What needs to be done:
Please restate each line of the data below exactly. Omit all images.

Supplied information:

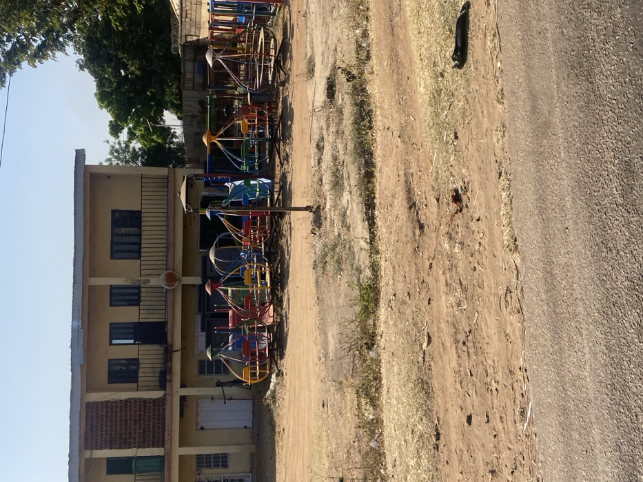 The image depicts an outdoor scene in Barnawa, Nigeria, under a clear blue sky. In the background, a two-story building with a light beige/yellow facade is visible. The ground floor features a white double door on the left and several windows, while the upper floor has multiple dark-framed windows and doors opening onto a balcony with black metal railings. A section of exposed, patterned brickwork is present on the upper left side of the building's facade. A round, red object is affixed to the wall below the center of the first-floor balcony. In front of the building, situated on a large area of reddish-brown dirt and dry, sparse vegetation, is a collection of colorful playground equipment. This includes at least five distinct merry-go-round type structures with multiple seats in red, yellow, blue, and green hues. Additional metal playground structures are partially visible further to the right. An upright pole, possibly for lighting, with a light-colored, disc-shaped top, stands in the dirt area between the foreground and the playground. The foreground consists of a section of gray asphalt road. Immediately beyond the road, a wide strip of dry, unpaved earth with scattered dry grass and debris extends towards the playground. A dark, elongated object rests on the dry grass in the lower right portion of the dirt area. No individuals or active interactions are present in the scene.
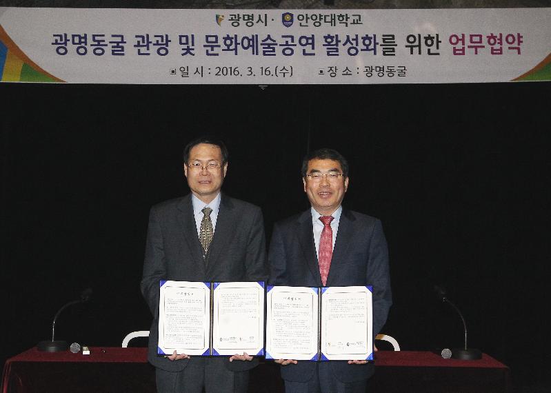 양기대 광명시장은 지난 16일 광명동굴에서 안양대학교 정창덕 총장과 업무협약을 맺고, 광명동굴을 이용한 문화·예술·공연 프로그램 상호 공유 및 교류에 적극 협력하기로 했다.
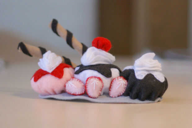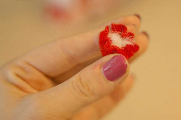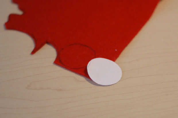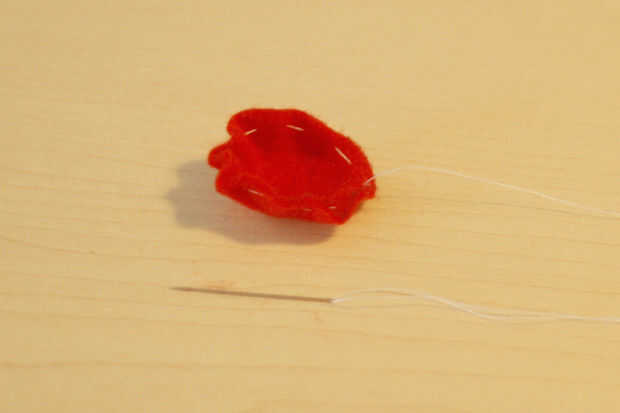 Cortar un círculo de fieltro rojo, coser una puntada de funcionamiento alrededor del borde exterior, se reunieron el círculo y había añadido fibra de relleno.

The completed task:
 The image depicts an outdoor scene in Barnawa, Nigeria, under a clear blue sky. In the background, a two-story building with a light beige/yellow facade is visible. The ground floor features a white double door on the left and several windows, while the upper floor has multiple dark-framed windows and doors opening onto a balcony with black metal railings. A section of exposed, patterned brickwork is present on the upper left side of the building's facade. A round, red object is affixed to the wall below the center of the first-floor balcony. In front of the building, situated on a large area of reddish-brown dirt and dry, sparse vegetation, is a collection of colorful playground equipment. This includes at least five distinct merry-go-round type structures with multiple seats in red, yellow, blue, and green hues. Additional metal playground structures are partially visible further to the right. An upright pole, possibly for lighting, with a light-colored, disc-shaped top, stands in the dirt area between the foreground and the playground. The foreground consists of a section of gray asphalt road. Immediately beyond the road, a wide strip of dry, unpaved earth with scattered dry grass and debris extends towards the playground. A dark, elongated object rests on the dry grass in the lower right portion of the dirt area. No individuals or active interactions are present in the scene.
 양기대 광명시장은 지난 16일 광명동굴에서 안양대학교 정창덕 총장과 업무협약을 맺고, 광명동굴을 이용한 문화·예술·공연 프로그램 상호 공유 및 교류에 적극 협력하기로 했다.
 Cortar un círculo de fieltro rojo, coser una puntada de funcionamiento alrededor del borde exterior, se reunieron el círculo y había añadido fibra de relleno.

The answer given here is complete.